Mit großem Hallo und viel Geschnacke versammelten sich allmählich alle Abruderer am Steg, um dann aufmerksam den Ausführungen von Olaf zu horchen, der einige Regel für die Teilnehmer erklärte. Wer war dabei? Natürlich fast alle, die regelmässig rudern, aber es gab auch viele Gesichter, die man in der HANSA eher seltener sieht – umso erfreulicher, dass jetzt Jung und Alt, Frischlinge und alte Hasen, bunt gewürfelt in den Booten saßen.

So voll war der Steg selten und schon ging es zu wie am Hamburger Flughafen, wenn der Tower die Flieger im Minutentakt abfertigt: Zuerst gingen die beiden Achter aufs Wasser, dann die Sechser, zuletzt die  Vierer. Jedes Boot bekam noch eine HANSA-Fahne mit (die hatte Olaf sorgfältig in einer Kiste vorbereitet) und schon waren die ersten auf dem Wasser. Noch war das Wetter etwas frisch, aber die Sonne schien und es war ein herrlicher Herbsttag. Ab zum RV Wandsbek! Währenddessen machten noch einige Boote eine kleine Tour zum Rondeelteich oder gar zum Stadtpark,

andere fuhren im gemächlichen Tempo die Alster hoch. Am Steg der Wandsbeker war alles bestens vorbereitet, der Grill angezündet, das obligatorische Empfangsgetränk stand parat, und überall gab es Tische und Bänke, dekorativ in Wandsbek-Blau gehalten. Jedenfalls war fürs leibliche Wohl gesorgt: Gegrilltes, feine Salate, Kürbissuppe, Fassbier und andere Kaltgetränke und eine unglaubliche Auswahl am Kuchenbuffet. Vor zehn Jahre hatte der RV Wandsbek das letzte Abrudern veranstaltet – jetzt sollten die Gäste alles genießen, was der kleine Verein auffahren konnte.

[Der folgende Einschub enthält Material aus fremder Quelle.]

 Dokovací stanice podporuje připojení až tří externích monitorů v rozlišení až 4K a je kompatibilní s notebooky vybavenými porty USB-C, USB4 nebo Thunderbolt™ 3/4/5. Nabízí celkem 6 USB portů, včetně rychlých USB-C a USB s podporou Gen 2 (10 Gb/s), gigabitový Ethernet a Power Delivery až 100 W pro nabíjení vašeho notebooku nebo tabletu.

Und lecker wars, die hungrige Meute fiel über Würstchen, Salate und Kuchen her, als ob man tagelang auf hoher See gewesen sei. Entsprechend nett war die Stimmung, heitere Gelassenheit hier, ernster Austausch dort. Hans-Heinrich hatte Geburtstag, was er nicht gerne kundtat, er wollte kein Aufhebens darum machen. Viel lieber zeigte er einigen Teilnehmern den Rennachter in der angrenzenden Schülerbootshalle, den er bald nach Litauen schicken würde. Dort werden sich junge Leistungsruderer in einigen Wochen über das Geschenk aus Hamburg sehr freuen.

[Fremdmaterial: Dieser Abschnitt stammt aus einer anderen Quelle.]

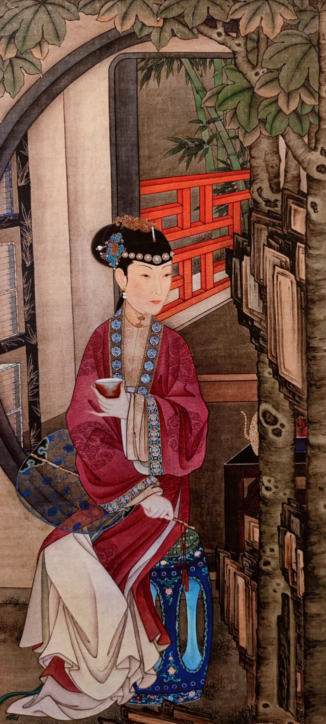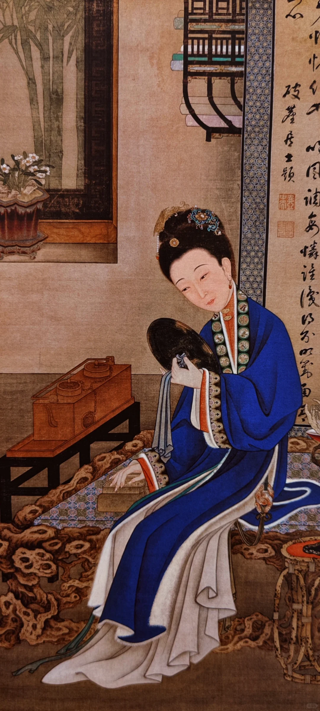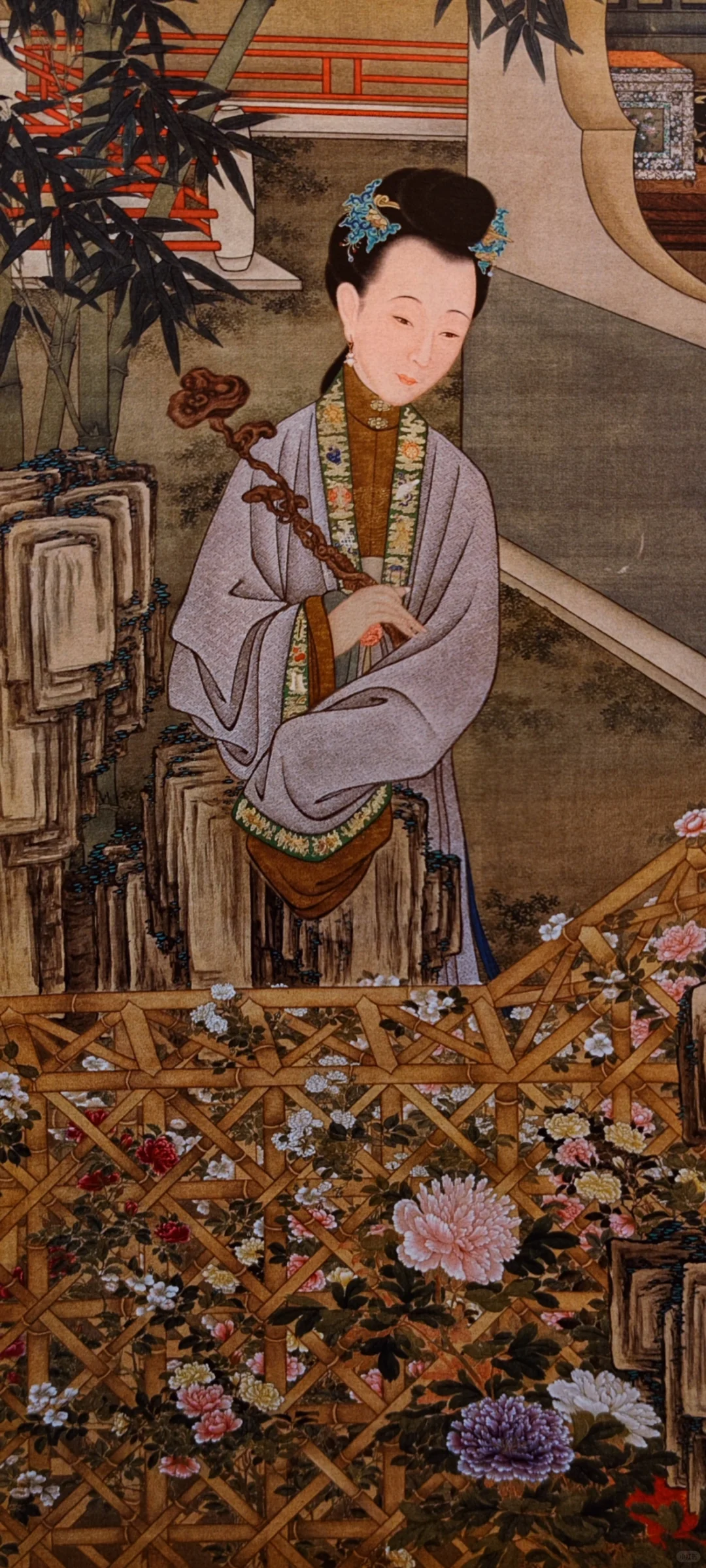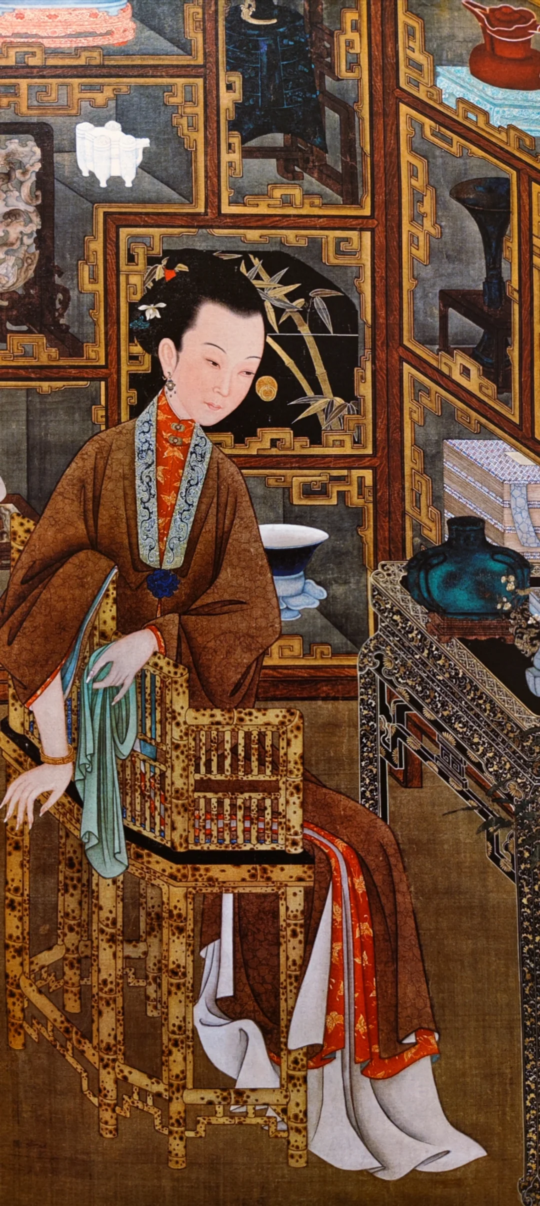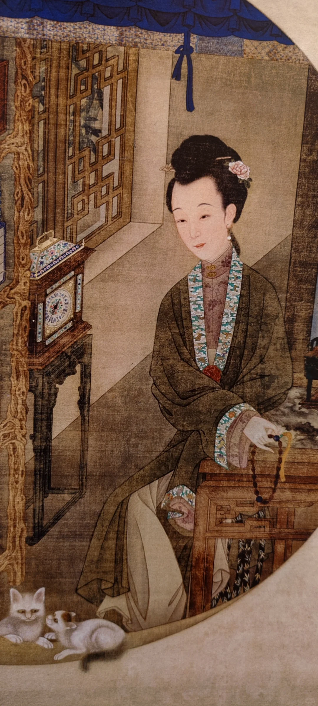 《胤禛妃行乐图》共十二幅,以工笔重彩之法,细腻勾勒了多样的仕女生活场景,涵盖了四时节气:春日“倚门观竹”“立持如意”“观书沉吟”,夏日“捻珠观猫”“消夏赏蝶”“烛下缝衣”,秋日“桐荫品茶”“持表对菊”“倚榻观鹊”,冬日“烘炉观雪”“博古幽思”“裘装对镜”。关于画中仕女的身份,学界虽尚无定论,但这套画作对于研究清代的宫廷审美趣味与工艺水平,以及宫廷日常生活仍具有较高的价值。

Irgendwann ist aber Schluss, der Kaffee alle und die ersten drängelten zurück. Nach und nach verließ die muntere Schar den Wandsbek-Steg. Zurück zur HANSA war es deutlich schwerer als auf dem Hinweg, kennt man ja. Auch die Sonne konnte sich nicht entscheiden, ob sie jetzt bleiben oder gehen soll. Am Ende war es trotzdem der perfekte Abschluss an einem goldenen Herbsttag und nach einem außergewöhnlichen Sommer. Danke an den RV Wandsbek und an alle Helfer – auch an Olaf fürs Organisieren!

Abrudern 2018

Vorfreude: Martin, Mike und Björn haben kein Problem mit dem Achter.

Abrudern 2018

Herrliches Wetter, gute Stimmung und nette Leute: Was braucht man mehr? Ach so, ja Bier.

Abrudern 2018

Hans-Heinrich beim Erzählen. Herzlichen Glückwünsch zum Geburtstag!

1 Kommentar zu "Das war Abrudern 2018!"

  • Martin
    22. Oktober 2018 (8:59)
    Antwort

    Schöne Bilder, Dank an den Fotografen, wann ist endlich Anrudern?